(Records excerpted from a collection)
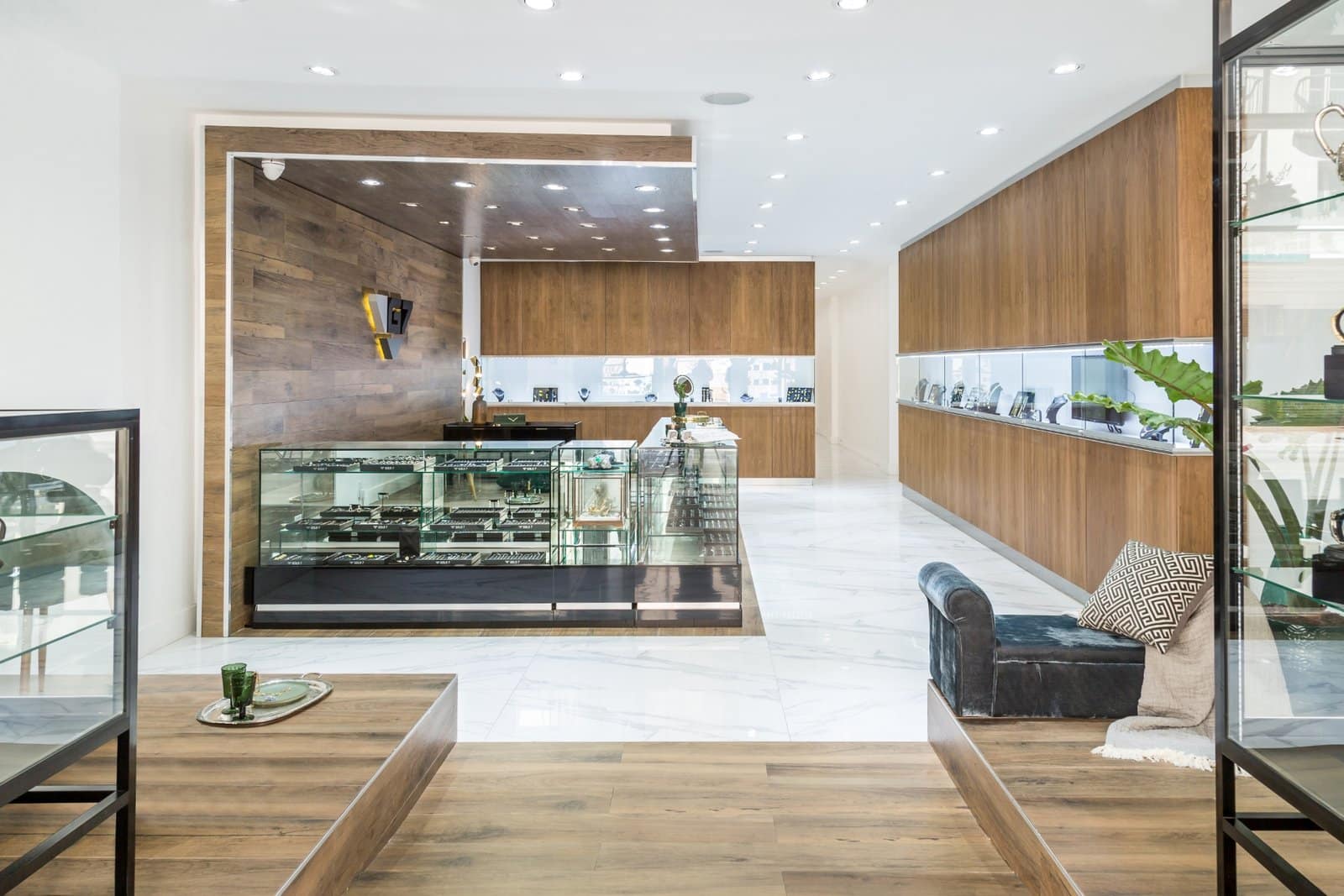 Lighting was central to the design. A mix of recessed and LED fixtures highlights key displays, while natural light brightens the space and adds to its inviting atmosphere. The overall look blends modern elegance with refined simplicity, creating a store that enhances both the shopping experience and the presentation of the jewelry.
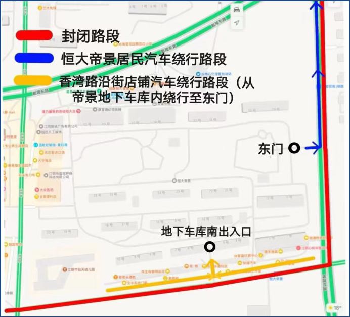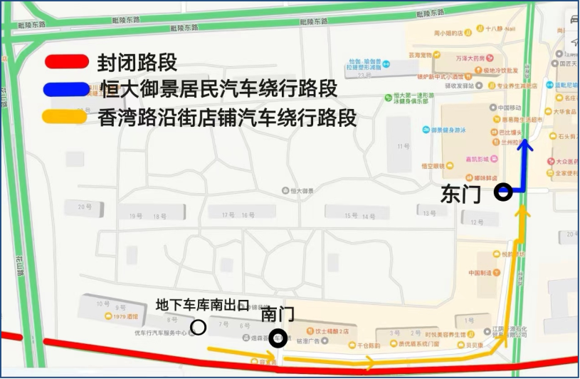 示意图解读:沿街店铺车辆借小区地下车库通行至东门出,至埠路桥路逆向借道通行;小区车辆经东门出,逆向借道埠路桥路西半幅向北至毗陵东路通行。
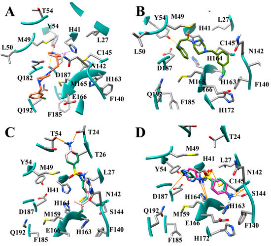 All compounds were docked into both the 5R7Z and 6LU7 SARS-CoV-2 Mpro crystal structures. Binding affinity for all compounds was predicted using the Surflex-Dock Geom (SFXC) protocol for all docking simulations. The Surflex-Dock Geom protocol default parameters were used for all docking runs. Briefly, parameters were set to start docking with an additional four starting conformations to enable 100 rotatable bonds and 20 poses max and minimize compounds both pre-dock and post-docking. The binding affinities were calculated using the C-scoring method in Sybyl-X and are reported as −log10(Kd) values. The empirical scoring function used accounts for hydrophobic contact, polar interactions, and entropic fixation cost in translational, torsional, and rotational degrees of freedom [31,32]. Docking scores are outputted in −log10(Kd) values. Thus, a docking score of 7 correlates to a binding affinity of 1 × 10−7 M. A larger binding score indicates a stronger binding to the protein receptor. Docking poses were visualized in both Sybyl-X and UCSF Chimera programs. Molecular interactions were also evaluated in both programs. All images were produced in UCSF Chimera.
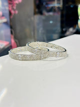 Experience elegance with the Kamila Bangle. Crafted with high quality American diamond zircons on a white gold plated base, this bangle is the perfect addition to your accessory collection. Imported from India, it exudes luxury and charm.
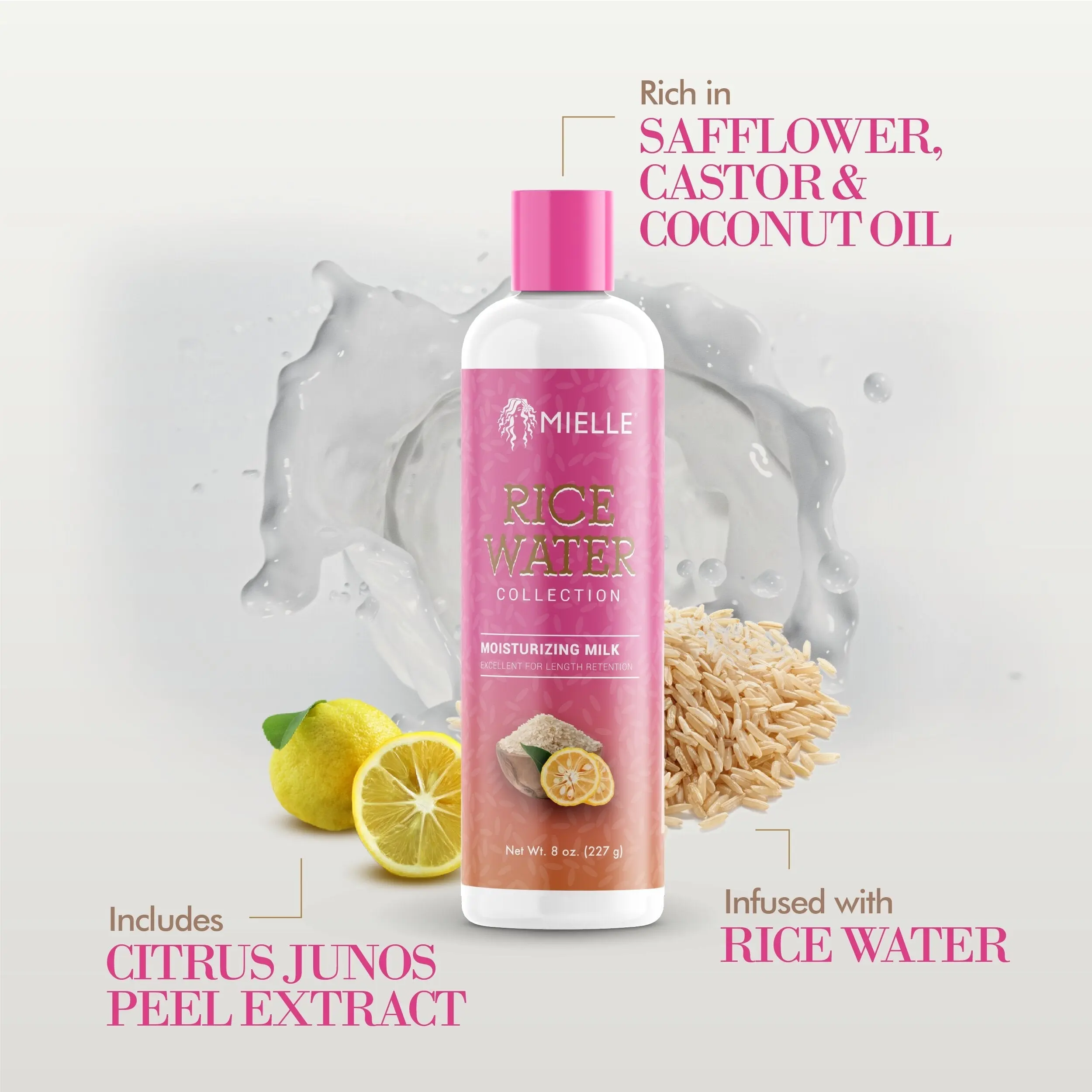 Infused with key ingredients such as safflower oil, rice water for hair, yuzu, castor oil and coconut oil to strengthen and lock in moisture. This daily moisturizer is the perfect solution for bringing life back to dry thirsty hair.
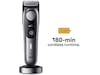 Bygd for å vare: Denne trimmeren for menn er 100 % vanntett for enkel rengjøring, har et kraftig Li-Ion-batteri med 180 minutters trådløs driftstid, skarpe blader som varer livet ut, ladestativ og et etui for oppbevaring på badet
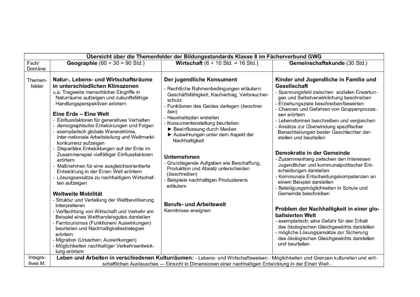 Übersicht über die Themenfelder der Bildungsstandards Klasse 8 im Fächerverbund GWG
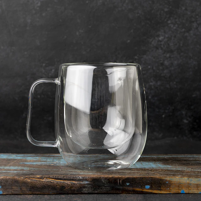 Vaso transparente con doble pared de vidrio con asa. La principal característica es que cuando se usa con bebidas calientes no refracta el calor, por lo que puede tomar el vaso con la mano sin quemarse, en el caso de bebidas frías, el vaso no se humedece por fuera.

EXERCISE DIRECTIONS - Repeat the lines above, starting at the first and stopping after the line that holds "Experience elegance with", with the pictures left out.

ANSWER TO THIS TASK -
 Lighting was central to the design. A mix of recessed and LED fixtures highlights key displays, while natural light brightens the space and adds to its inviting atmosphere. The overall look blends modern elegance with refined simplicity, creating a store that enhances both the shopping experience and the presentation of the jewelry.
 示意图解读:沿街店铺车辆借小区地下车库通行至东门出,至埠路桥路逆向借道通行;小区车辆经东门出,逆向借道埠路桥路西半幅向北至毗陵东路通行。
 All compounds were docked into both the 5R7Z and 6LU7 SARS-CoV-2 Mpro crystal structures. Binding affinity for all compounds was predicted using the Surflex-Dock Geom (SFXC) protocol for all docking simulations. The Surflex-Dock Geom protocol default parameters were used for all docking runs. Briefly, parameters were set to start docking with an additional four starting conformations to enable 100 rotatable bonds and 20 poses max and minimize compounds both pre-dock and post-docking. The binding affinities were calculated using the C-scoring method in Sybyl-X and are reported as −log10(Kd) values. The empirical scoring function used accounts for hydrophobic contact, polar interactions, and entropic fixation cost in translational, torsional, and rotational degrees of freedom [31,32]. Docking scores are outputted in −log10(Kd) values. Thus, a docking score of 7 correlates to a binding affinity of 1 × 10−7 M. A larger binding score indicates a stronger binding to the protein receptor. Docking poses were visualized in both Sybyl-X and UCSF Chimera programs. Molecular interactions were also evaluated in both programs. All images were produced in UCSF Chimera.
 Experience elegance with the Kamila Bangle. Crafted with high quality American diamond zircons on a white gold plated base, this bangle is the perfect addition to your accessory collection. Imported from India, it exudes luxury and charm.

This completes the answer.